## Exercise objective
Restate word for word the lines below that run from the one holding "Then all you" through the one holding "밴드 데이브레이크가 13일", inclusive. Pictures don't belong in the copy.
##### Provided entries
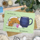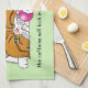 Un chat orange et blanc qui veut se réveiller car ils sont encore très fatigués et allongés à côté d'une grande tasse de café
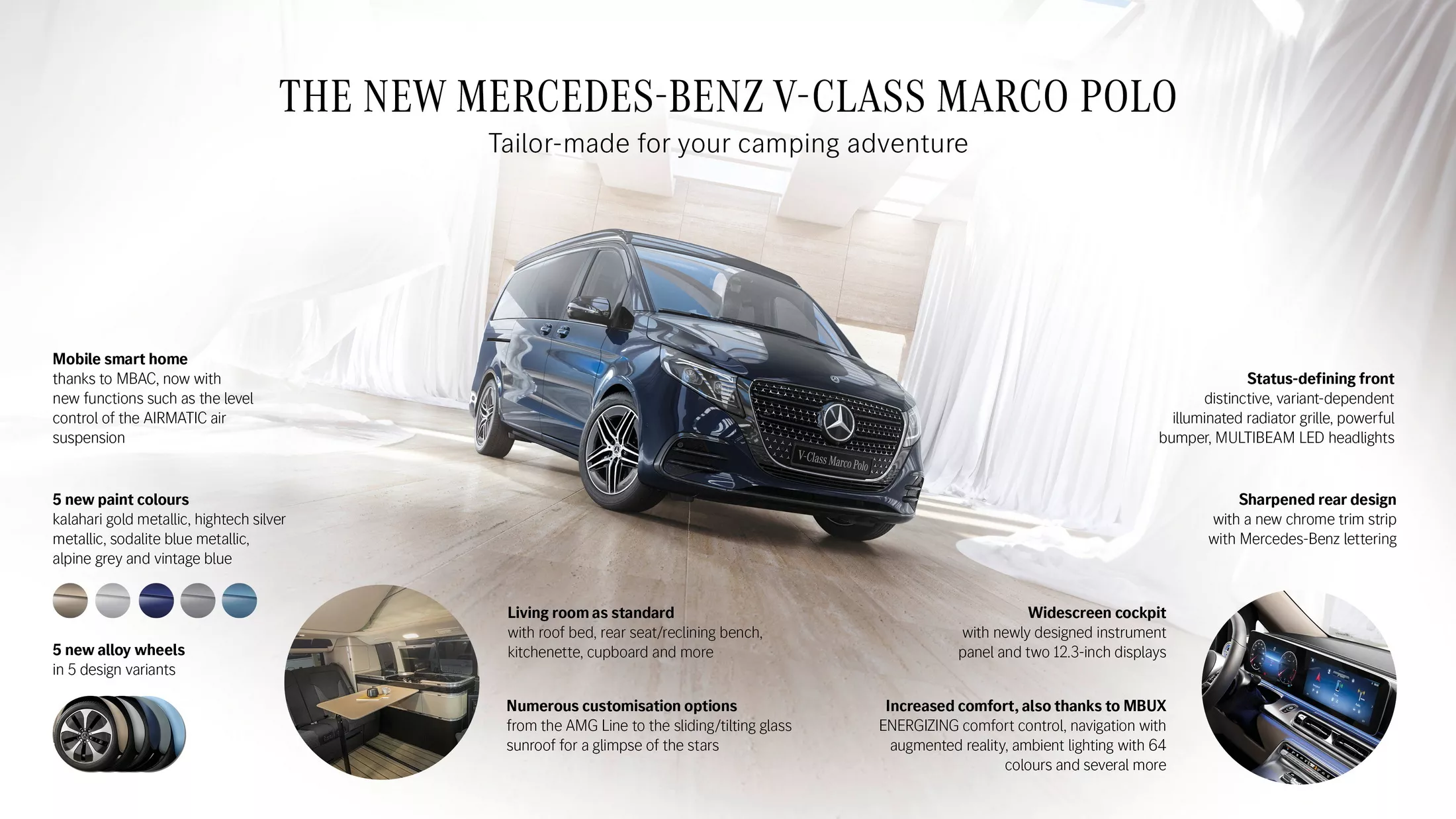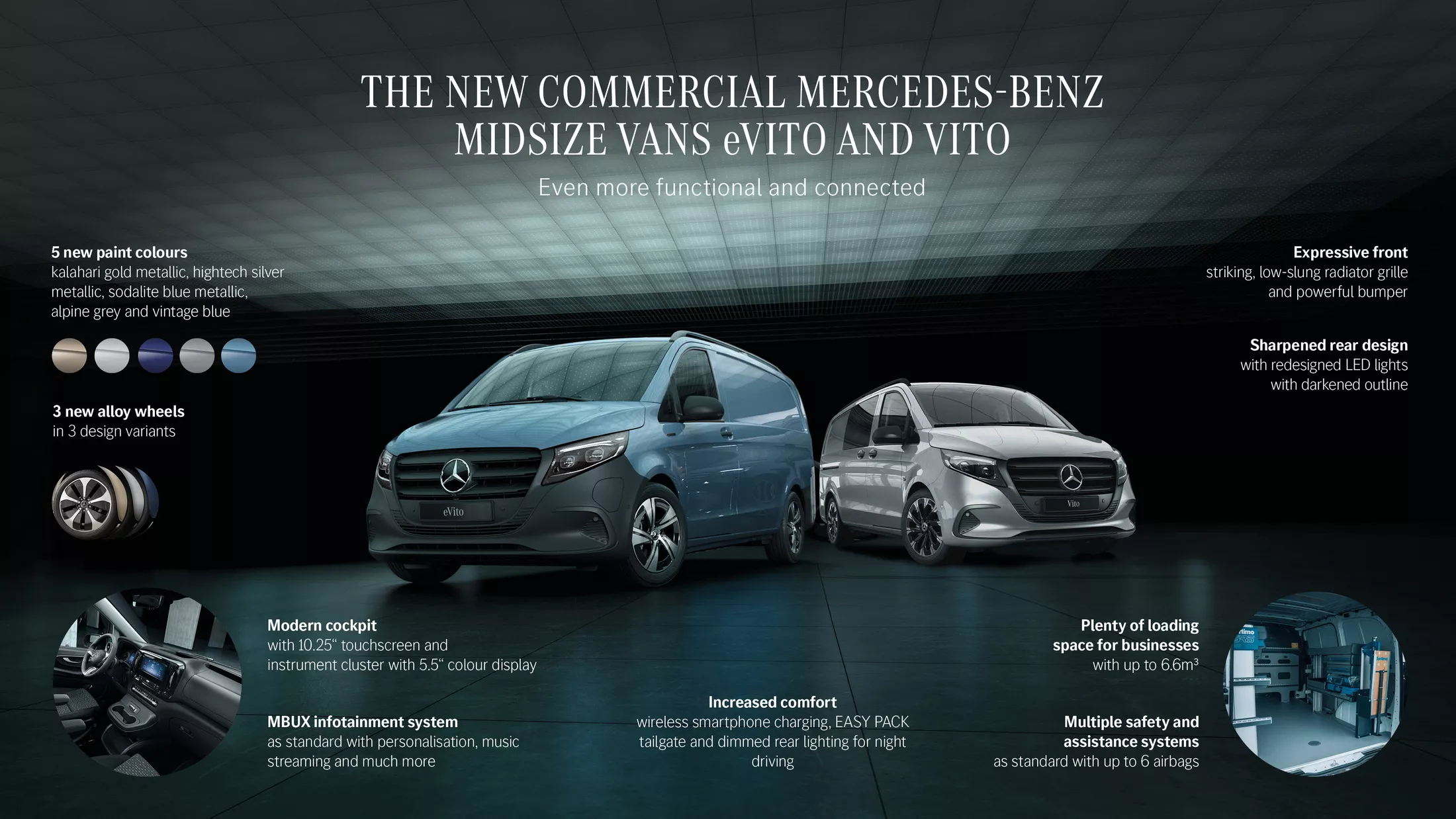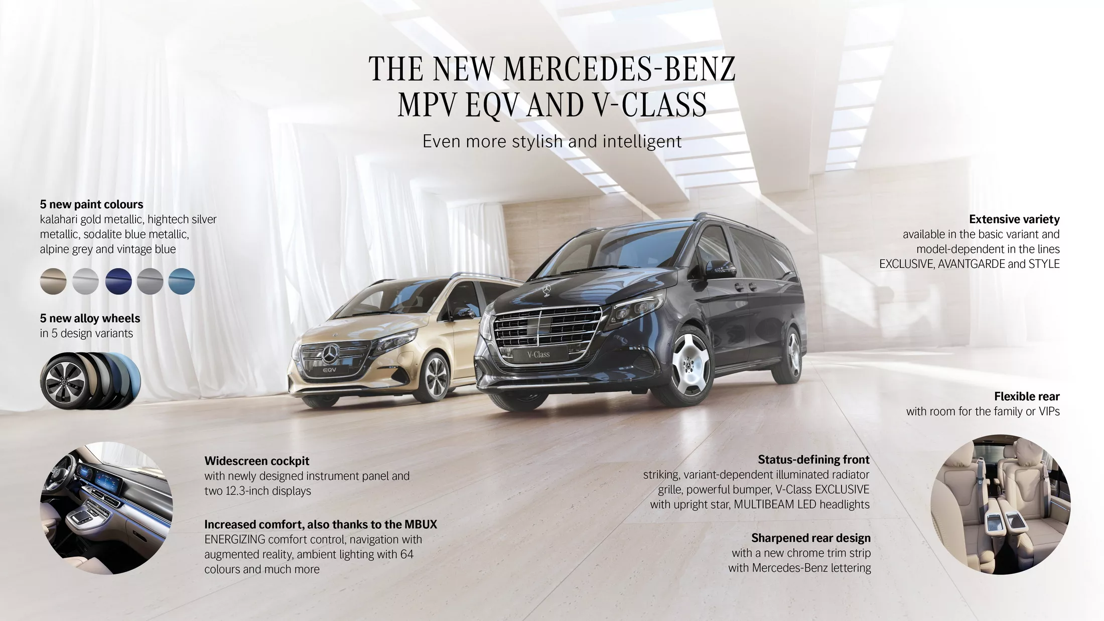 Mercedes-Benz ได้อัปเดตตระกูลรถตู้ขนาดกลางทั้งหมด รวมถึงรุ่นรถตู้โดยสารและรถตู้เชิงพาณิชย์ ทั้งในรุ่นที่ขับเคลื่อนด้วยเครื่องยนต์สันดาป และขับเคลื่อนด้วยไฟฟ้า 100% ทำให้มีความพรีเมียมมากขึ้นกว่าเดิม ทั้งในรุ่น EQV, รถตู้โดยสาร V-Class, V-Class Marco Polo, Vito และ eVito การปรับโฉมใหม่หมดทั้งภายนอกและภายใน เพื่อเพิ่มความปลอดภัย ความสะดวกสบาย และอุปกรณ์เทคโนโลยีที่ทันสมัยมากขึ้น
##########
##### Provided entries
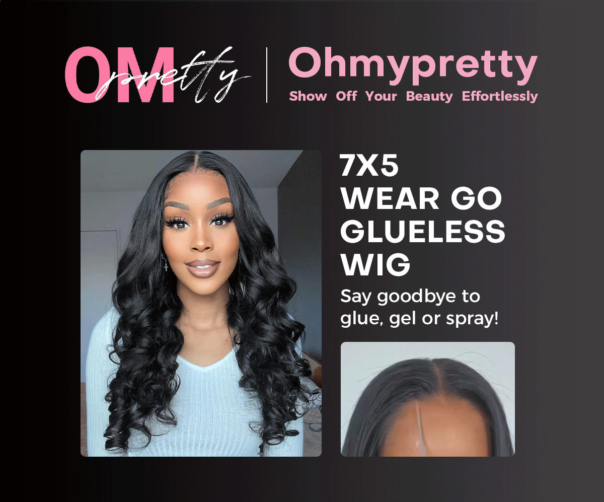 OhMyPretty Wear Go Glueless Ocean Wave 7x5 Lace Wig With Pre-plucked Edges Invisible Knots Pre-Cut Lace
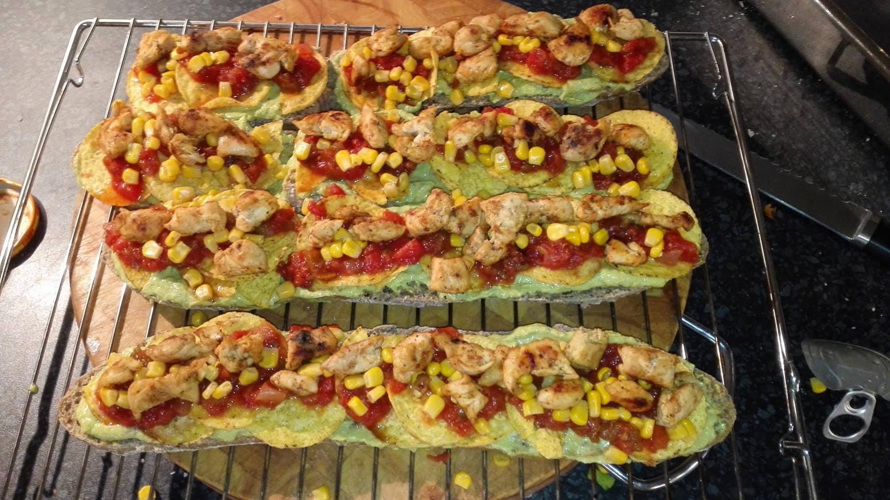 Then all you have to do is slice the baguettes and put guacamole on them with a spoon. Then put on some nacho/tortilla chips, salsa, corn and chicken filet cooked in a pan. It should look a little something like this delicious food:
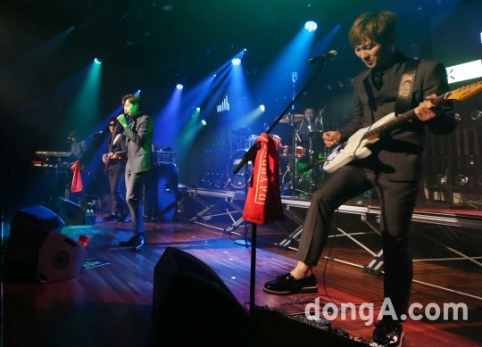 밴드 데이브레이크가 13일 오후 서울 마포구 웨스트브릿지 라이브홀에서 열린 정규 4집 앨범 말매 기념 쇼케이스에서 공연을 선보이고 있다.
##########
## Finished task
 Then all you have to do is slice the baguettes and put guacamole on them with a spoon. Then put on some nacho/tortilla chips, salsa, corn and chicken filet cooked in a pan. It should look a little something like this delicious food:
 밴드 데이브레이크가 13일 오후 서울 마포구 웨스트브릿지 라이브홀에서 열린 정규 4집 앨범 말매 기념 쇼케이스에서 공연을 선보이고 있다.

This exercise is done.